Primary hyperoxaluria type III—a model for studying perturbations in glyoxylate metabolism

Abstract

Perturbations in glyoxylate metabolism lead to the accumulation of oxalate and give rise to primary hyperoxalurias, recessive disorders characterized by kidney stone disease. Loss-of-function mutations in HOGA1 (formerly DHDPSL) are responsible for primary hyperoxaluria type III. HOGA1 is a mitochondrial 4-hydroxy-2-oxoglutarate aldolase catalyzing the fourth step in the hydroxyproline pathway. We investigated hydroxyproline metabolites in the urine of patients with primary hyperoxaluria type III using gas chromatography-mass spectroscopy. Significant increases in concentrations of 4-hydroxy-2-oxoglutarate and its precursor and derivative 4-hydroxyglutamate and 2,4-dihydroxyglutarate, respectively, were found in all patients as compared to carriers of the corresponding mutations or healthy controls. Despite a functional block in the conversion of hydroxyproline to glyoxylate--the immediate precursor of oxalate--the production of oxalate increases.

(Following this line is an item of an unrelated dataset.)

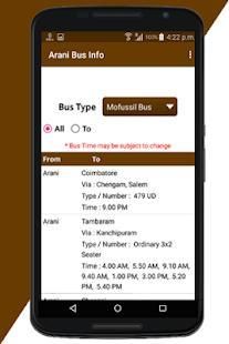 This app provide all information about Arani Mofussil bus and Town bus.
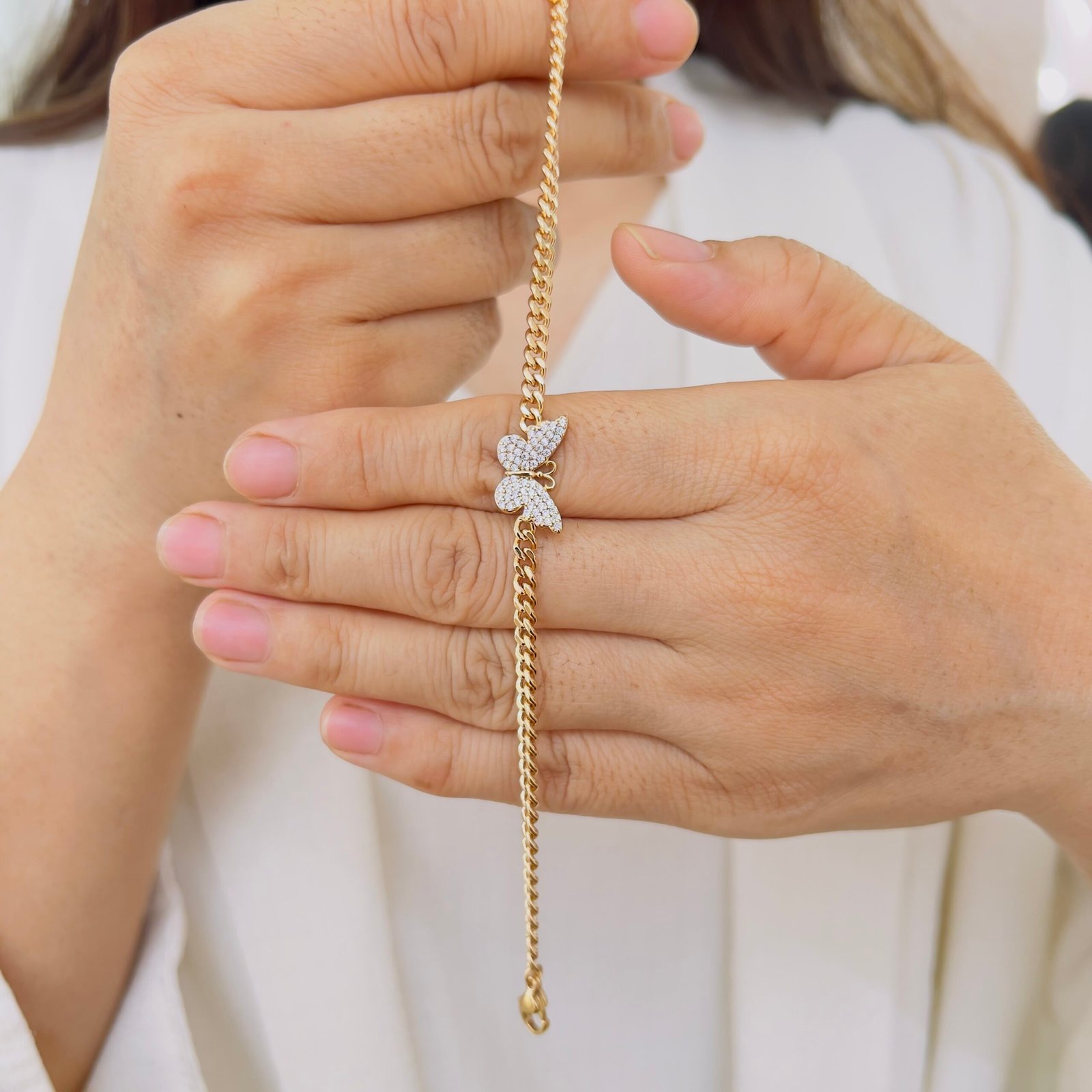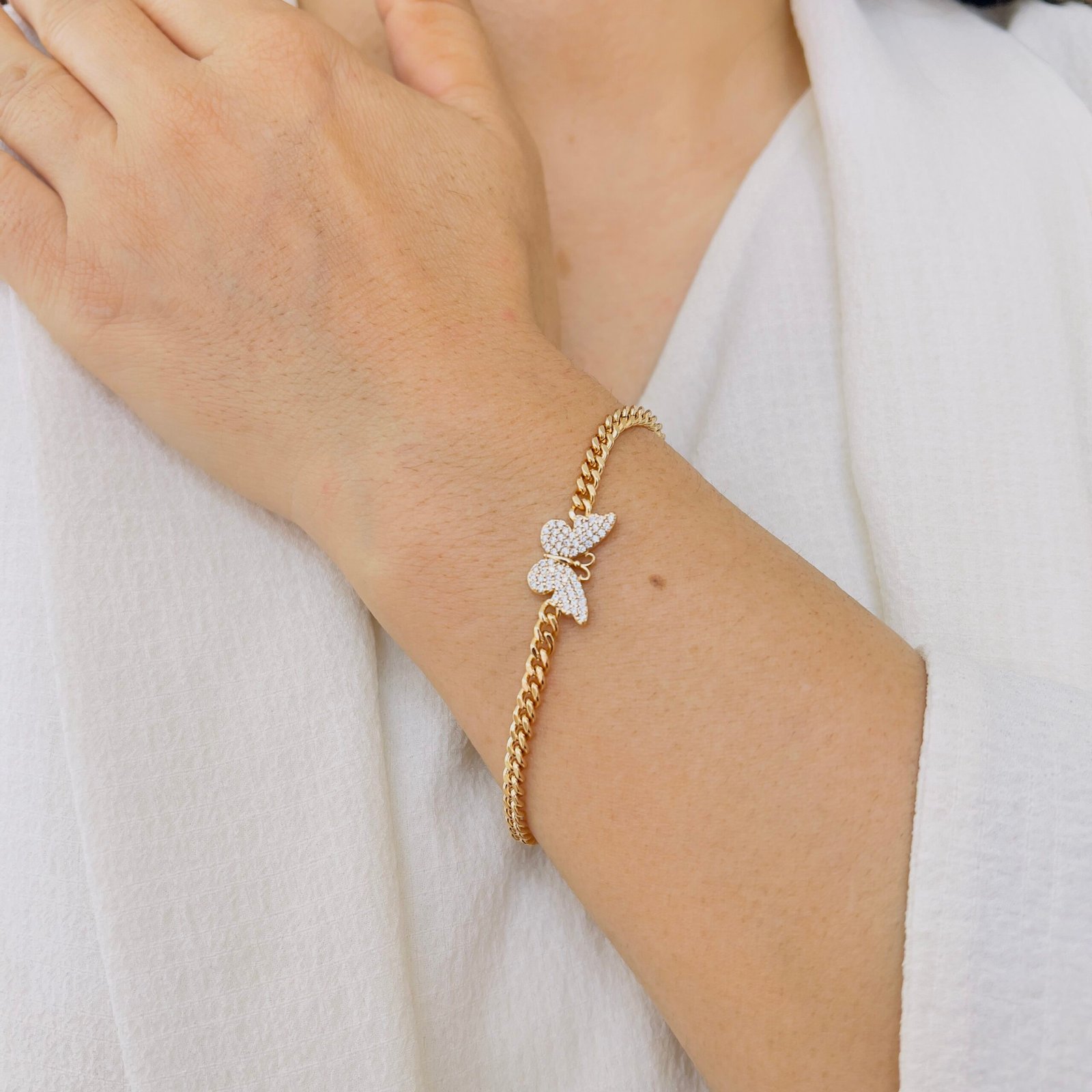 Designed for everyday and office wear, this bracelet features a graceful single butterfly charm, The anti-tarnish finish ensures lasting shine, while its sturdy build comfortably supports rough, regular usage.

To explain this apparent contradiction, we propose a model of glyoxylate compartmentalization in which cellular glyoxylate is normally prevented from contact with the cytosol where it can be oxidized to oxalate. We propose that HOGA1 deficiency results in the accumulation of 4-hydroxy-2-oxoglutarate in the mitochondria and its transport into the cytosol where it is converted to glyoxylate by a different cytosolic aldolase. In human hepatocyte cell lines, we detected a cytosolic 4-hydroxy-2-oxoglutarate aldolase activity not due to HOGA1. These studies provide a diagnostic tool for primary hyperoxaluria type III and shed light on glyoxylate metabolism and the pathogenesis of primary hyperoxalurias.